--- The data Enclosed Below ---
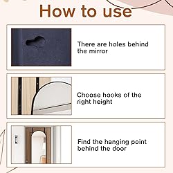 Complete Installation Kit: Our over the door mirror hanger set includes 2 black metal brackets, 2 iron filings, and 8 screws for secure mounting. Designed specifically for mirrors with pre-drilled holes on the back, this comprehensive package ensures you have everything needed for proper installation.It suitable for most standard mirrors while the protective lining prevents door damage during use Adjustable Height Design: Featuring multiple mounting holes, this adjustable door mirror hanger allows precise height customization to match your preferences. The five-hole configuration provides flexibility in positioning, enabling perfect alignment for various mirror sizes without requiring additional tools. This thoughtful design accommodates different user heights and door configurations Durable Construction: Crafted from high-quality iron, these door mirror hanger can support up to 22 lbs, ensuring long-lasting durability. The robust metal design resists deformation, while the slim profile allows doors to close smoothly. The white finish adds a touch of elegance to any room Space-Saving Solution: Maximize your room's functionality with this discreet over-the-door mirror hook that organizes your space efficiently. The clever behind-the-door placement eliminates floor space usage while keeping mirrors accessible. This versatile organizer works perfectly on various doors including bedroom, bathroom, and entry doors, helping maintain clutter-free environments without compromising on style or convenience Versatile Application: Beyond mirror hanging, these hanging mirror over door accommodate various items including coats, hats, bags, and decorative pieces. The heavy-duty metal construction ensures reliable performance for multiple organizational needs around your home
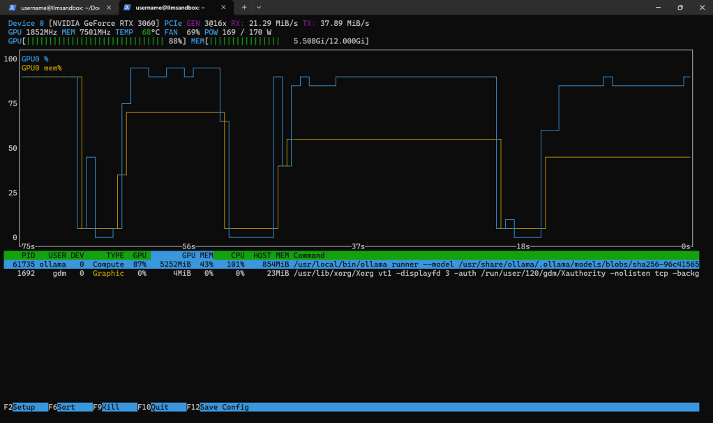 We can see, by running nvtop, the activity on the GPU – note the different GPU MEM consumption based on the size of the model:
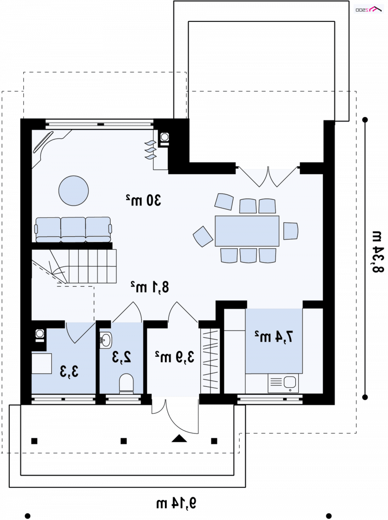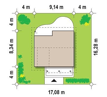 - Min. wymiary działki 16.34x15.14 m
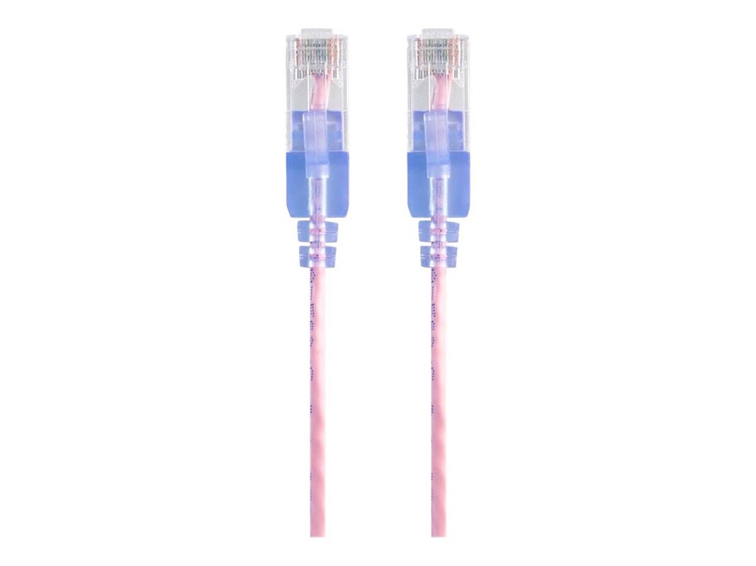 Monoprice SlimRun Cat6A 30AWG 550MHz UTP Pure Bare Copper Wire 10G Snagless Patch Cable, Pink, 7ft, 5-pack
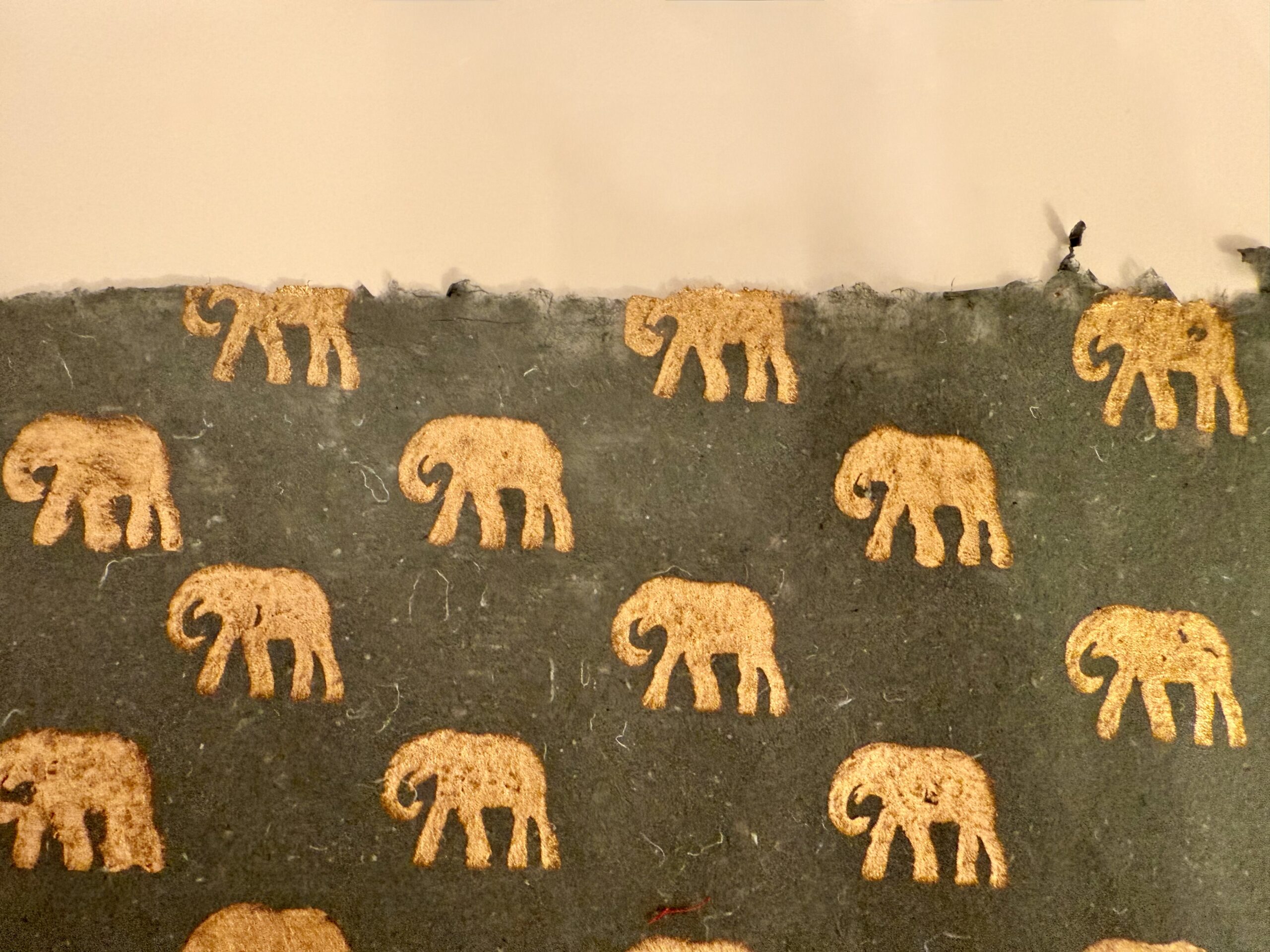Unser wunderschönes Papier Emerald Caravan ist ein handgeschöpftes Papier in edlem smaragdgrün, verziert mit goldenen Elefantenmotiven. Inspiriert von den Karawanen des alten Indiens, bringt dieses Papier die Magie von Tradition und Handwerkskunst in jedes Detail.
--- End of Enclosed The data ---
• [Requirement]
Leave out the pictures, and retype exactly the lines from the one containing "Monoprice SlimRun Cat6A" through the last line of the data above, no more and no less.

• [Expected answer]
 Monoprice SlimRun Cat6A 30AWG 550MHz UTP Pure Bare Copper Wire 10G Snagless Patch Cable, Pink, 7ft, 5-pack
Unser wunderschönes Papier Emerald Caravan ist ein handgeschöpftes Papier in edlem smaragdgrün, verziert mit goldenen Elefantenmotiven. Inspiriert von den Karawanen des alten Indiens, bringt dieses Papier die Magie von Tradition und Handwerkskunst in jedes Detail.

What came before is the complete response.